_Exercise_
Please give all of the data again, character for character, and drop the pictures.
[[ Task inputs open ]]
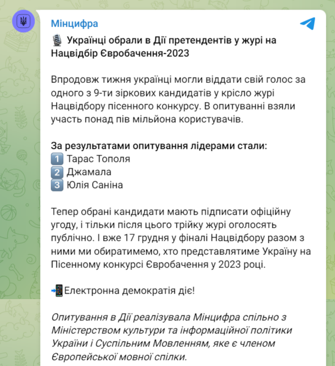 Украинцы выбрали в приложении "Дия" претендентов в жюри на Нацотбор Евровидения-2023. В течение недели украинцы могли отдать свой голос за одного из 9 звездных кандидатов в кресло жюри Нацотбора песенного конкурса. В опросе приняло участие более полумиллиона пользователей.
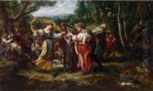 Sir John Gilbert was an English artist, illustrator, and engraver, born in Blackheath, London, on July 21, 1817. Known for his prolific output and versatility, Gilbert's work encompassed historical scenes, Shakespearean drama, and illustrations for various publications. His artistic journey began with an apprenticeship under a wood engraver, where he mastered the techniques that would later define his illustrations.
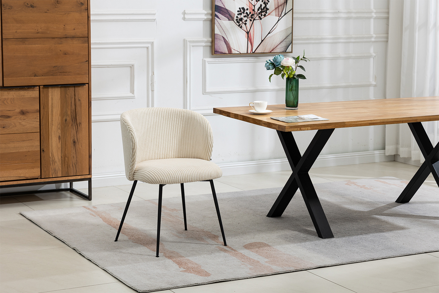 Entdecken Sie den LENA Esszimmerstuhl von KAWOLA - zeitlose Eleganz und exzellenter Komfort. Der angesagtem Cord-Stoff verleiht stilvolle Akzente und lädt zu gemütlichen Stunden am Esstisch ein. Mit präziser Maßarbeit beeindruckt der Stuhl durch ästhetisches Design. Abmessungen von 53 cm Breite, 53 cm Tiefe und 78 cm Höhe passen ideal zu verschiedenen Tischhöhen. Sitzhöhe von 48 cm und Sitztiefe von 43 cm bieten angenehmen Komfort und unterstützen eine aufrechte Haltung. Der LENA Stuhl begeistert mit klaren Linien und minimalistischem Design. Ohne Armlehnen bietet er flexible Sitzmöglichkeiten mit festem Halt. Die Füße aus pulverbeschichtetem, schwarzem Stahl verleihen Stabilität und raffinierte Optik. LENA bereichert Ihren Wohnraum als Einzelstück oder im Duo und schafft eine einladende Atmosphäre. Erleben Sie mit dem LENA Esszimmerstuhl von KAWOLA die perfekte Symbiose aus Stil und Komfort. Bestellen Sie ihn noch heute und verwandeln Sie Ihr Zuhause in eine Wohlfühloase.Produktdetails
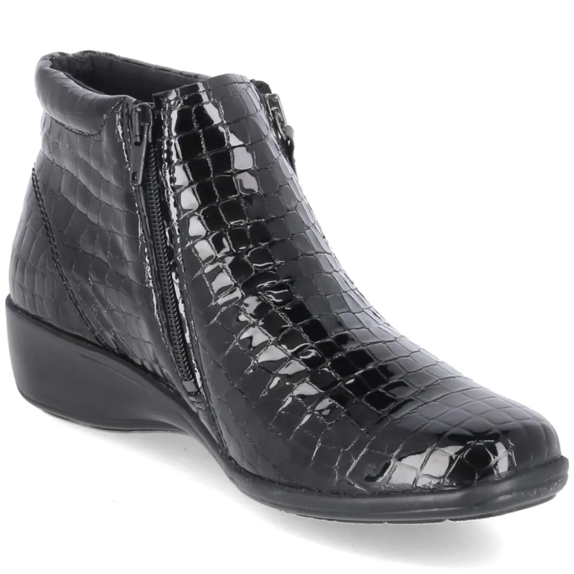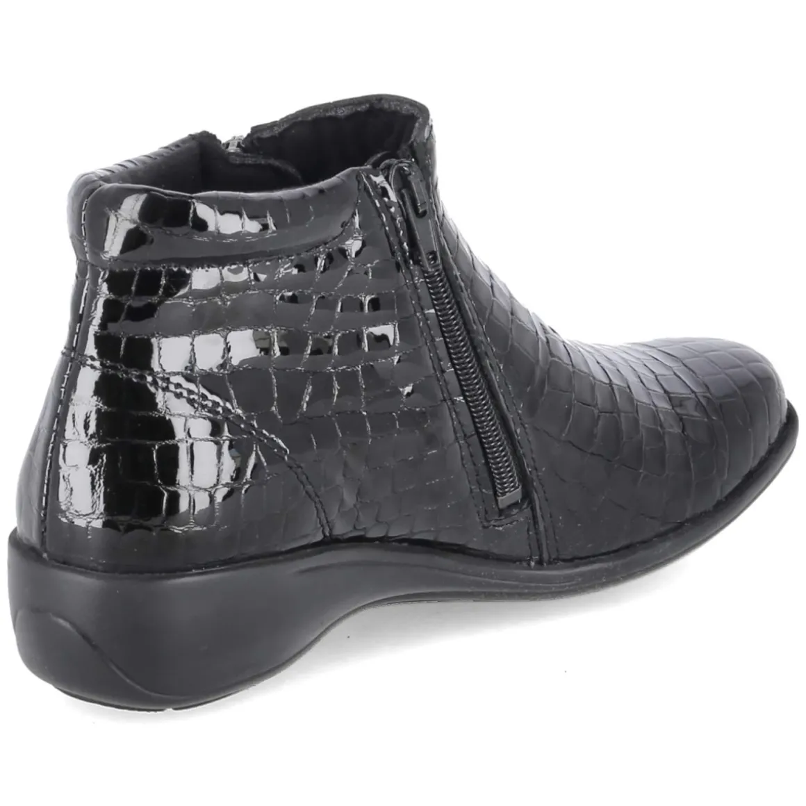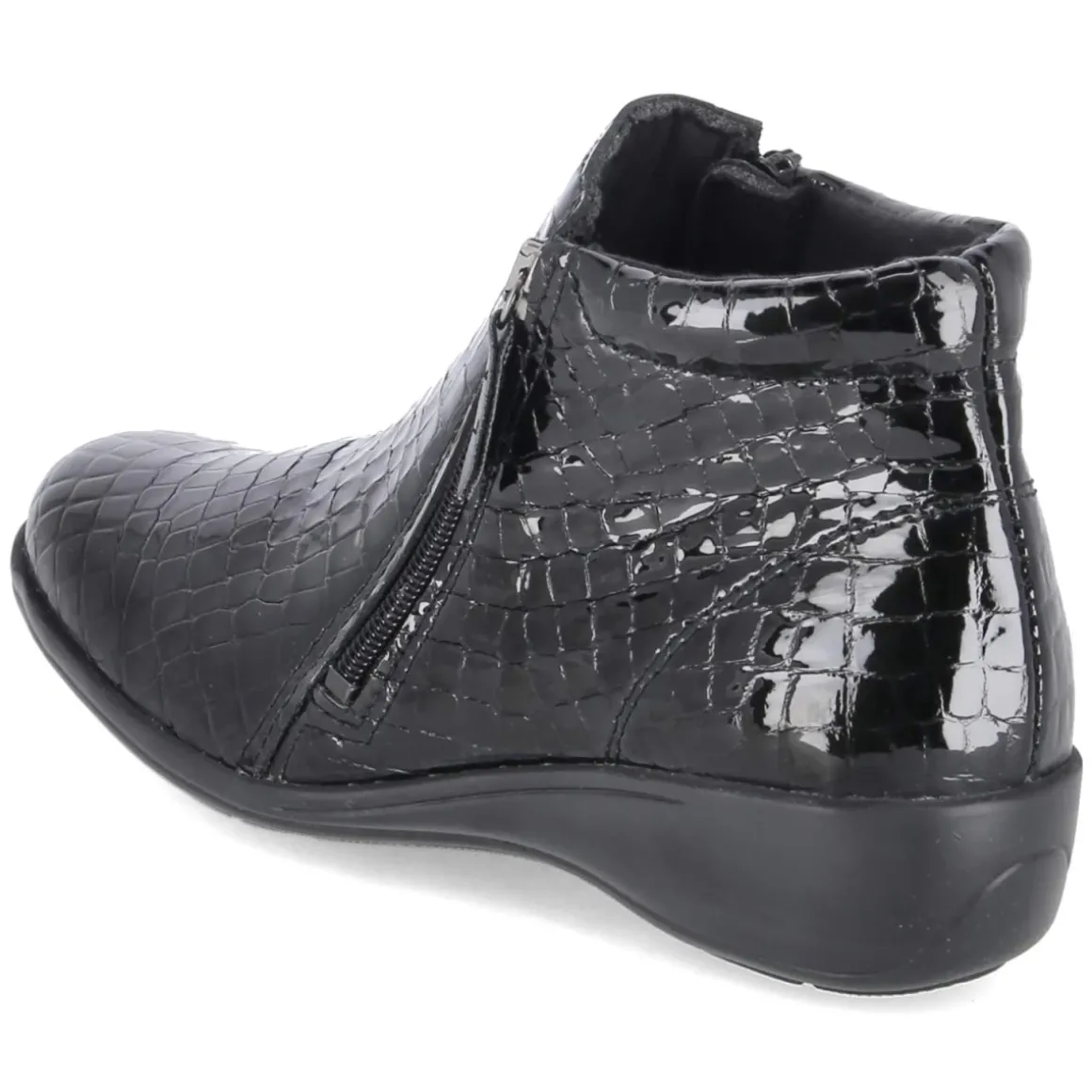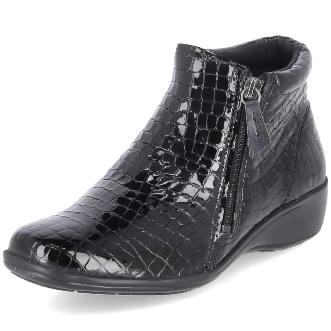 Beliana präsentiert mit den Stiefeletten LEXI 99 einen eleganten Allrounder für Damen, der den urbanen Look mit Komfort verbindet. Das Obermaterial aus schwarzem Lackleder zeigt eine edle Glanzoptik, die durch das dezente Reptilmuster modern akzentuiert wird. Eine runde Schuhspitze und das geringe Gewicht sorgen für angenehmes Tragegefühl im Alltag. Praktische Reißverschlüsse erleichtern den Einstieg, der zusätzlich weich gepolstert ist. Die verstärkte Ferse bietet Stabilität, während die sehr flexible, rutschfeste Laufsohle sicheren Halt gibt. Innen punktet eine textile Decksohle und ein herausnehmbares Wechselfußbett, ideal für eigene Einlagen. Der Schnitt fällt größengetreu aus und richtet sich an Erwachsene, die Wert auf Stil und Funktion legen. Modetipp: Mit schmaler Anzughose in Cropped-Länge und einem feinen Strickrolli entsteht ein cleaner, glänzender City-Look, der tagsüber und abends überzeugt.
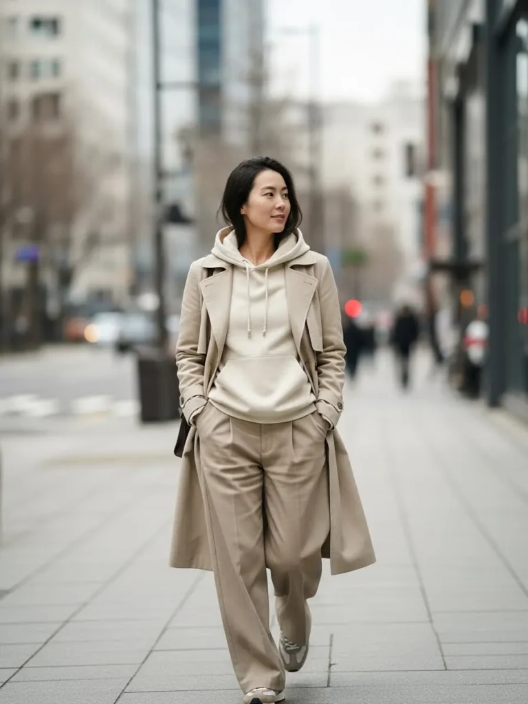The hoodie adds warmth without feeling bulky, and the beige tones keep everything looking intentional.
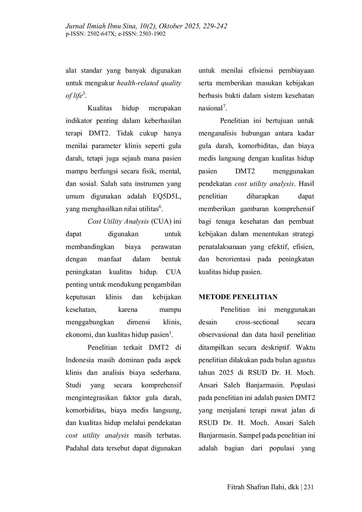 JIIS (Jurnal Ilmiah Ibnu Sina): Ilmu Farmasi dan KesehatanJIIS (Jurnal Ilmiah Ibnu Sina): Ilmu Farmasi dan KesehatanDiabetes mellitus Tipe 2 (DMT2) merupakan salah satu penyakit kronis dengan prevalensi tinggi di Indonesia dan memberikan beban besar terhadap biaya kesehatan. Komorbiditas serta kontrol gula darah yang buruk berkontribusi meningkatkan biaya medis langsung dan penurunan kualitas hidup. Penelitian ini bertujuan untuk melihat Cost Utility Analysis pada pasien DMT2 dengan mengintegrasikan kadar gula darah, komorbiditas, biaya medis langsung, dan kualitas hidup. Metode penelitian ini menggunakan desain cross-sectional dengan pengambilan data secara prospektif menggunakan teknik pengambilan data convenience sampling menggunakan kuisioner EQ5D5L untuk mengukur kualitas hidup, Rekam Medis untuk data gula darah, komorbiditas, serta biaya medis langsung. Analisis data menggunakan uji statistik dengan uji Chi-Square dan uji Regresi Logistik, serta perhitungan nilai indeks utility. Hasil penelitian menunjukkan bahwa 38% memiliki kualitas hidup baik dan 62% memiliki kualitas hidup buruk, dengan rata-rata skor indeks utility 0,5175. kadar gula darah sewaktu sebanyak 56% dengan kadar ≥200 mg/dL, sedangkan <200 mg/dL sebanyak 44%. Adanya Komorbiditas sebanyak 52% sedangkan tidak ada komorbiditas sebanyak 48%. Biaya medis langsung diperoleh median sebesar Rp.425.500, kategori tinggi ≥Rp425.500 sebanyak 62% dan 38% pada kategori rendah Kualitas hidup pasien diabetes mellitus tipe 2 (DMT2) di RSUD Dr.Ansari Saleh secara umum berada pada kategori buruk dengan rata-rata indeks utilitas 0,5175.Meskipun analisis bivariat menunjukkan komorbiditas, kadar gula darah, dan biaya medis langsung berhubungan signifikan dengan kualitas hidup, namun analisis multivariat membuktikan bahwa hanya kadar gula darah yang menjadi faktor independen paling berpengaruh.Hal ini menekankan pentingnya pengendalian kadar gula darah untuk meningkatkan kualitas hidup pasien DMT2. Penelitian ini memberikan gambaran penting mengenai kualitas hidup pasien diabetes mellitus tipe 2 dan faktor-faktor yang memengaruhinya, khususnya kadar gula darah. Untuk memperkaya pemahaman ini, ada beberapa arah penelitian lanjutan yang dapat dieksplorasi. Pertama, akan sangat bermanfaat untuk melakukan studi jangka panjang (longitudinal) guna melacak bagaimana perubahan kadar gula darah yang terkontrol secara konsisten, serta penanganan komorbiditas dan biaya medis, benar-benar memengaruhi kualitas hidup pasien dari waktu ke waktu. Hal ini dapat membantu mengidentifikasi efektivitas intervensi dalam jangka panjang dan memahami dinamika kualitas hidup pasien. Kedua, mengingat temuan bahwa aspek psikologis seperti kecemasan sangat dominan, penelitian selanjutnya bisa berfokus pada evaluasi efektivitas biaya dari program intervensi non-farmakologis yang terstruktur, seperti edukasi pasien yang intensif atau dukungan psikososial, terhadap peningkatan kualitas hidup pada pasien DMT2 dengan kontrol gula darah yang buruk. Ini akan memberikan bukti berbasis data tentang program mana yang paling efektif dan efisien untuk diimplementasikan. Ketiga, untuk meningkatkan generalisasi temuan, studi serupa dapat diperluas ke berbagai fasilitas kesehatan primer dan sekunder di beberapa wilayah di Indonesia. Dengan membandingkan hasil antara berbagai lingkungan perawatan, kita dapat mengidentifikasi perbedaan kualitas hidup pasien dan faktor-faktor pendorongnya dalam konteks sistem kesehatan yang lebih luas, sehingga rekomendasi kebijakan dapat disesuaikan secara lebih spesifik. Penelitian-penelitian ini diharapkan dapat memberikan wawasan lebih mendalam bagi tenaga kesehatan dan pembuat kebijakan dalam merancang strategi penatalaksanaan DMT2 yang holistik dan berkelanjutan, tidak hanya berfokus pada klinis tetapi juga kualitas hidup pasien.
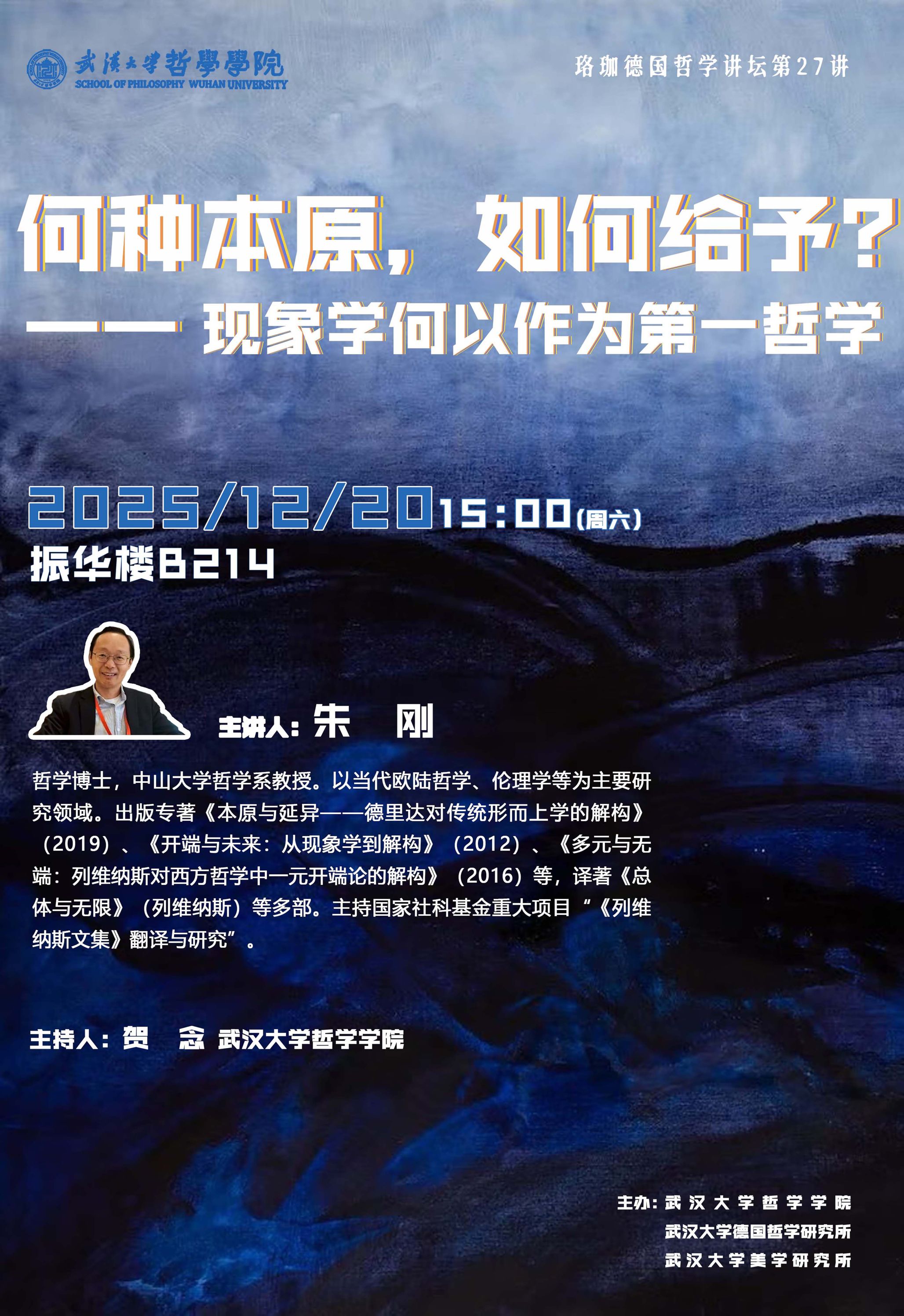 【12月20日】“珞珈德国哲学讲坛”第27讲 ▕ 朱刚:何种本原,如何给予?——现象学何以作为第一哲学
[[ Task inputs closed ]]
_Solution to this task_
 Украинцы выбрали в приложении "Дия" претендентов в жюри на Нацотбор Евровидения-2023. В течение недели украинцы могли отдать свой голос за одного из 9 звездных кандидатов в кресло жюри Нацотбора песенного конкурса. В опросе приняло участие более полумиллиона пользователей.
 Sir John Gilbert was an English artist, illustrator, and engraver, born in Blackheath, London, on July 21, 1817. Known for his prolific output and versatility, Gilbert's work encompassed historical scenes, Shakespearean drama, and illustrations for various publications. His artistic journey began with an apprenticeship under a wood engraver, where he mastered the techniques that would later define his illustrations.
 Entdecken Sie den LENA Esszimmerstuhl von KAWOLA - zeitlose Eleganz und exzellenter Komfort. Der angesagtem Cord-Stoff verleiht stilvolle Akzente und lädt zu gemütlichen Stunden am Esstisch ein. Mit präziser Maßarbeit beeindruckt der Stuhl durch ästhetisches Design. Abmessungen von 53 cm Breite, 53 cm Tiefe und 78 cm Höhe passen ideal zu verschiedenen Tischhöhen. Sitzhöhe von 48 cm und Sitztiefe von 43 cm bieten angenehmen Komfort und unterstützen eine aufrechte Haltung. Der LENA Stuhl begeistert mit klaren Linien und minimalistischem Design. Ohne Armlehnen bietet er flexible Sitzmöglichkeiten mit festem Halt. Die Füße aus pulverbeschichtetem, schwarzem Stahl verleihen Stabilität und raffinierte Optik. LENA bereichert Ihren Wohnraum als Einzelstück oder im Duo und schafft eine einladende Atmosphäre. Erleben Sie mit dem LENA Esszimmerstuhl von KAWOLA die perfekte Symbiose aus Stil und Komfort. Bestellen Sie ihn noch heute und verwandeln Sie Ihr Zuhause in eine Wohlfühloase.Produktdetails
 Beliana präsentiert mit den Stiefeletten LEXI 99 einen eleganten Allrounder für Damen, der den urbanen Look mit Komfort verbindet. Das Obermaterial aus schwarzem Lackleder zeigt eine edle Glanzoptik, die durch das dezente Reptilmuster modern akzentuiert wird. Eine runde Schuhspitze und das geringe Gewicht sorgen für angenehmes Tragegefühl im Alltag. Praktische Reißverschlüsse erleichtern den Einstieg, der zusätzlich weich gepolstert ist. Die verstärkte Ferse bietet Stabilität, während die sehr flexible, rutschfeste Laufsohle sicheren Halt gibt. Innen punktet eine textile Decksohle und ein herausnehmbares Wechselfußbett, ideal für eigene Einlagen. Der Schnitt fällt größengetreu aus und richtet sich an Erwachsene, die Wert auf Stil und Funktion legen. Modetipp: Mit schmaler Anzughose in Cropped-Länge und einem feinen Strickrolli entsteht ein cleaner, glänzender City-Look, der tagsüber und abends überzeugt.
The hoodie adds warmth without feeling bulky, and the beige tones keep everything looking intentional.
 JIIS (Jurnal Ilmiah Ibnu Sina): Ilmu Farmasi dan KesehatanJIIS (Jurnal Ilmiah Ibnu Sina): Ilmu Farmasi dan KesehatanDiabetes mellitus Tipe 2 (DMT2) merupakan salah satu penyakit kronis dengan prevalensi tinggi di Indonesia dan memberikan beban besar terhadap biaya kesehatan. Komorbiditas serta kontrol gula darah yang buruk berkontribusi meningkatkan biaya medis langsung dan penurunan kualitas hidup. Penelitian ini bertujuan untuk melihat Cost Utility Analysis pada pasien DMT2 dengan mengintegrasikan kadar gula darah, komorbiditas, biaya medis langsung, dan kualitas hidup. Metode penelitian ini menggunakan desain cross-sectional dengan pengambilan data secara prospektif menggunakan teknik pengambilan data convenience sampling menggunakan kuisioner EQ5D5L untuk mengukur kualitas hidup, Rekam Medis untuk data gula darah, komorbiditas, serta biaya medis langsung. Analisis data menggunakan uji statistik dengan uji Chi-Square dan uji Regresi Logistik, serta perhitungan nilai indeks utility. Hasil penelitian menunjukkan bahwa 38% memiliki kualitas hidup baik dan 62% memiliki kualitas hidup buruk, dengan rata-rata skor indeks utility 0,5175. kadar gula darah sewaktu sebanyak 56% dengan kadar ≥200 mg/dL, sedangkan <200 mg/dL sebanyak 44%. Adanya Komorbiditas sebanyak 52% sedangkan tidak ada komorbiditas sebanyak 48%. Biaya medis langsung diperoleh median sebesar Rp.425.500, kategori tinggi ≥Rp425.500 sebanyak 62% dan 38% pada kategori rendah Kualitas hidup pasien diabetes mellitus tipe 2 (DMT2) di RSUD Dr.Ansari Saleh secara umum berada pada kategori buruk dengan rata-rata indeks utilitas 0,5175.Meskipun analisis bivariat menunjukkan komorbiditas, kadar gula darah, dan biaya medis langsung berhubungan signifikan dengan kualitas hidup, namun analisis multivariat membuktikan bahwa hanya kadar gula darah yang menjadi faktor independen paling berpengaruh.Hal ini menekankan pentingnya pengendalian kadar gula darah untuk meningkatkan kualitas hidup pasien DMT2. Penelitian ini memberikan gambaran penting mengenai kualitas hidup pasien diabetes mellitus tipe 2 dan faktor-faktor yang memengaruhinya, khususnya kadar gula darah. Untuk memperkaya pemahaman ini, ada beberapa arah penelitian lanjutan yang dapat dieksplorasi. Pertama, akan sangat bermanfaat untuk melakukan studi jangka panjang (longitudinal) guna melacak bagaimana perubahan kadar gula darah yang terkontrol secara konsisten, serta penanganan komorbiditas dan biaya medis, benar-benar memengaruhi kualitas hidup pasien dari waktu ke waktu. Hal ini dapat membantu mengidentifikasi efektivitas intervensi dalam jangka panjang dan memahami dinamika kualitas hidup pasien. Kedua, mengingat temuan bahwa aspek psikologis seperti kecemasan sangat dominan, penelitian selanjutnya bisa berfokus pada evaluasi efektivitas biaya dari program intervensi non-farmakologis yang terstruktur, seperti edukasi pasien yang intensif atau dukungan psikososial, terhadap peningkatan kualitas hidup pada pasien DMT2 dengan kontrol gula darah yang buruk. Ini akan memberikan bukti berbasis data tentang program mana yang paling efektif dan efisien untuk diimplementasikan. Ketiga, untuk meningkatkan generalisasi temuan, studi serupa dapat diperluas ke berbagai fasilitas kesehatan primer dan sekunder di beberapa wilayah di Indonesia. Dengan membandingkan hasil antara berbagai lingkungan perawatan, kita dapat mengidentifikasi perbedaan kualitas hidup pasien dan faktor-faktor pendorongnya dalam konteks sistem kesehatan yang lebih luas, sehingga rekomendasi kebijakan dapat disesuaikan secara lebih spesifik. Penelitian-penelitian ini diharapkan dapat memberikan wawasan lebih mendalam bagi tenaga kesehatan dan pembuat kebijakan dalam merancang strategi penatalaksanaan DMT2 yang holistik dan berkelanjutan, tidak hanya berfokus pada klinis tetapi juga kualitas hidup pasien.
 【12月20日】“珞珈德国哲学讲坛”第27讲 ▕ 朱刚:何种本原,如何给予?——现象学何以作为第一哲学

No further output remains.